# Why should we purify a mixed state?

I'm new to quantum computing so I know this question may sound stupid. But I still want to know why purification is necessary sometimes. Please help me with it:)

• "Necessary" is a strong word. It's a technique to treat mixed states using the formalism of pure states, but the reason why you'd want to do it will strongly depend on the context. In which context did you see it mentioned as "necessary"?
– glS
Commented May 19, 2022 at 14:26

Here is a short list of things that I know 'require' the notion of a pure state, or also at least make a point in their relevance.

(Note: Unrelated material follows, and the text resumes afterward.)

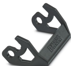
Bloccaggio longitudinale in plastica di ricambio, per custodia HC-EVO-D25.....BK

Si prega di notare che i dati visualizzati in questo PDF sono stati generati dal nostro catalogo online. I dati completi sono disponibili nella documentazione per l'utente. Si applicano le condizioni generali di utilizzo per i download.

1. Suppose that you are considering a protocol for learning how a parameter $$\theta$$ governs the changes in your system at a given state. The generic goal of this kind of learning problem, a quantum metrology problem, is to maximize the Fisher information of a given quantity. Mixed states represent that you already have some part of your information about the system that 'leaked out' so in general people assume that the initial state being considered is 'pure' or at least ideally should be close to pure.
2. Another possible answer might be that if it is always possible to describe states as pure states with respect to a larger Hilbert space - which I think is what you meant by purification - then states of this kind are more fundamental than mixed states (mixed states are convex combinations of pure states, by definition).
3. In Bell experiments this kind of dilation is used and it is invoked the so-called 'Church of the larger Hilbert space'. This is crucial for the theoretical background in experimental implementations of violations of Bell's notion of local causality in quantum theory.

All that said, it is kind of debatable if pure states are necessary since they may be regarded somewhat as an idealization.

It's a useful tool for certain proofs, as the idea of purification allows you to equate the entropy of the purifying system to that of the rest of the system via the schmidt decomposition ie:

If $$ABC$$ is a mixed system, and I purify it with system $$R$$, then $$S(ABC)=S(R)$$

So for example, using $$S(A)+S(B)\le S(A,C)+S(B,C)$$, and then taking the pure $$ABCR$$ system, you can use $$S(R)+S(B)\le S(R,C)+S(B,C)$$

$$S(R)=S(ABC)$$, due to purification and schmidt decomposition, $$S(R,C)=S(A,B)$$ for the same reason, so subbing those in, you get $$S(ABC)+S(B) \le S(AB)+S(BC)$$

This is just one example of how purification lends itself to proofs.